[Opening Exercise data section]

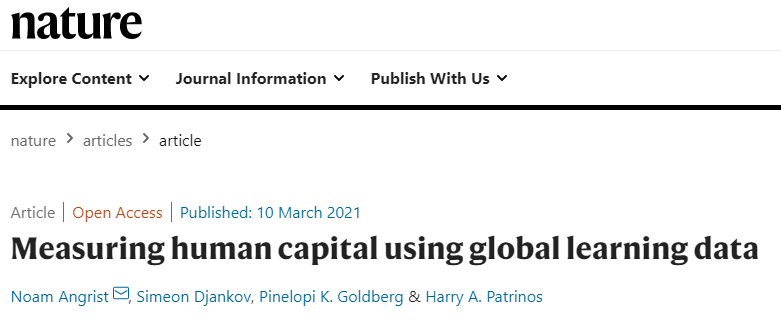 原文标题:Measuring human capital using global learning data原文地址:https://www.nature.com/articles/s41586-021-03323-7
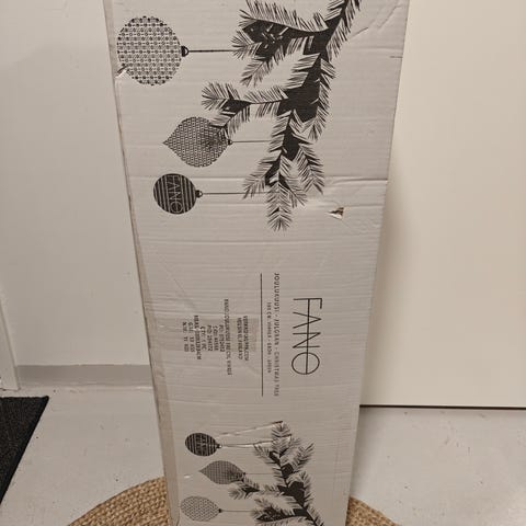 Kuvan valkoinen joulukuusi, korkeus 180 cm. Mukaan voi ostaa kuvan kuusen koristeet 18 kpl + 10€. Koiratalous, haku Oulusta.
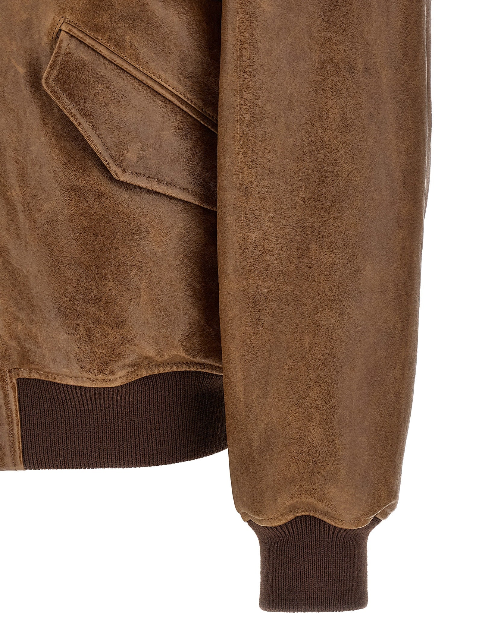 Vintage hammered lambskin bomber jacket with ribbed stretch wool knit details, Shirt collar, Zip and front snap button closure, Pockets, Long sleeves with cuffs and dropped shoulder, Headband, Viscose blend and padded cotton lining, And interior pocket. Size and Fit - Oversized fitMade in: Italy
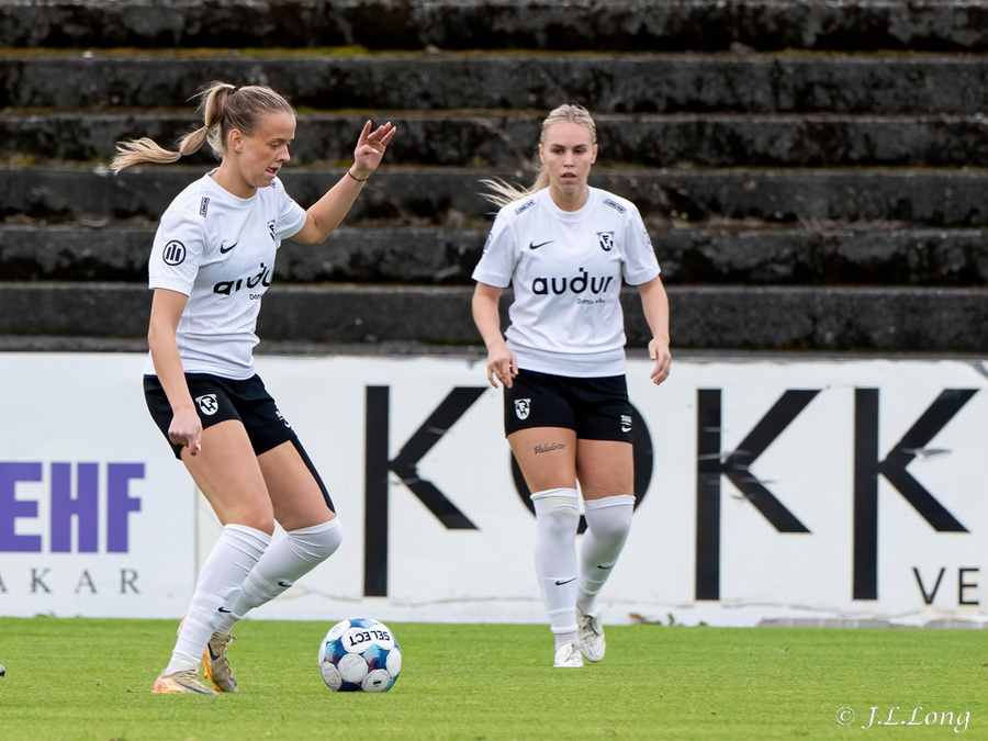Eva Ýr kominn hér langt fyrir utan teig og Thelma Karen kemst inn í sendinguna frá henni boltinn dettur á Mayu Hansen sem reynir skot en það er langt framhjá
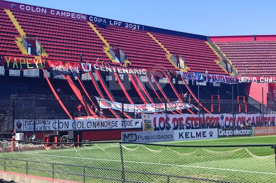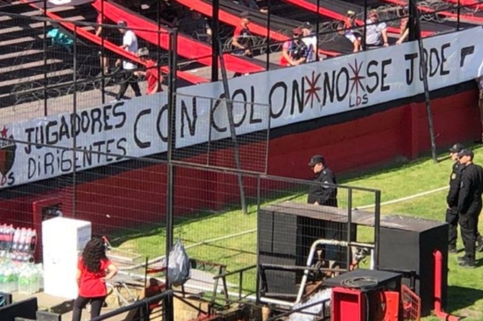 En este sentido, en la previa del partido ante San Lorenzo, se colocó una bandera con un mensaje amenzante en el alambrado de la tribuna norte: "Jugadores y dirigentes, con Colón no se joda", cerrándose con el dibujo de una pistola.

[Closing Exercise data section]

What to work on: Out of the records above, set down only the lines from the one that contains "Vintage hammered lambskin" through the one that contains "Eva Ýr kominn", unchanged and without the pictures.

Task output:
 Vintage hammered lambskin bomber jacket with ribbed stretch wool knit details, Shirt collar, Zip and front snap button closure, Pockets, Long sleeves with cuffs and dropped shoulder, Headband, Viscose blend and padded cotton lining, And interior pocket. Size and Fit - Oversized fitMade in: Italy
Eva Ýr kominn hér langt fyrir utan teig og Thelma Karen kemst inn í sendinguna frá henni boltinn dettur á Mayu Hansen sem reynir skot en það er langt framhjá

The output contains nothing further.